Setting sparse_mode=True keeps Y sparse throughout the entire pipeline.
Instead of densifying Y and computing T @ Y_dense, it uses the algebraic
identity (Y.T @ T.T).T to perform the multiplication with Y in sparse format.
Column z-scoring and row-mean centering are applied as lightweight corrections
on the small output matrix, never on Y itself.

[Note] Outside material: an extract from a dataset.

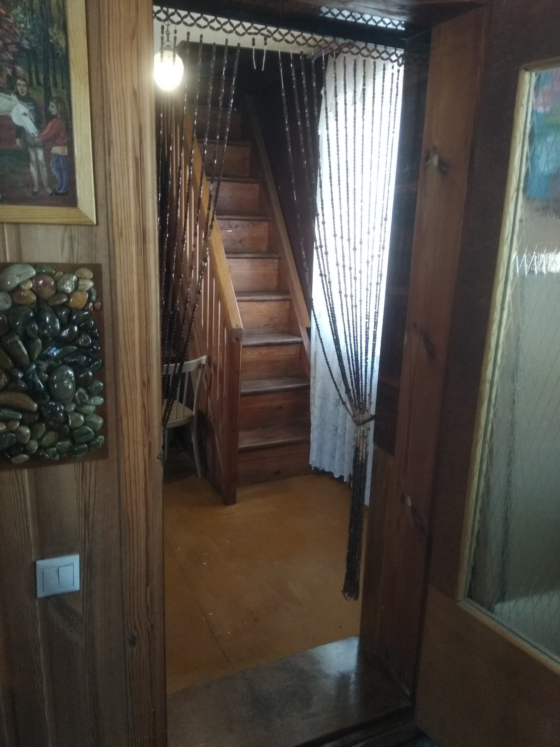 Деревянная лестница в доме ведет на мансардный этаж, на котором настелен пол из досок.

All three high-level functions support sparse_mode:
# scRNA-seq: sparse CPM → log2 → ridge, Y never densified
result = secact_activity_inference_scrnaseq(
adata,
cell_type_col="cell_type",
is_single_cell_level=True,
batch_size=5000,
sparse_mode=True, # keep Y sparse end-to-end
verbose=True
)
# Spatial transcriptomics: same sparse pipeline
result = secact_activity_inference_st(
adata,
batch_size=5000,
sparse_mode=True,
verbose=True
)
When sparse_mode=True, the scrnaseq and ST functions bypass the standard
dense normalization pipeline. CPM normalization and log2 transform are applied
directly on the sparse matrix (both are zero-preserving), and row-mean
centering + column z-scoring are handled in-flight by ridge_batch.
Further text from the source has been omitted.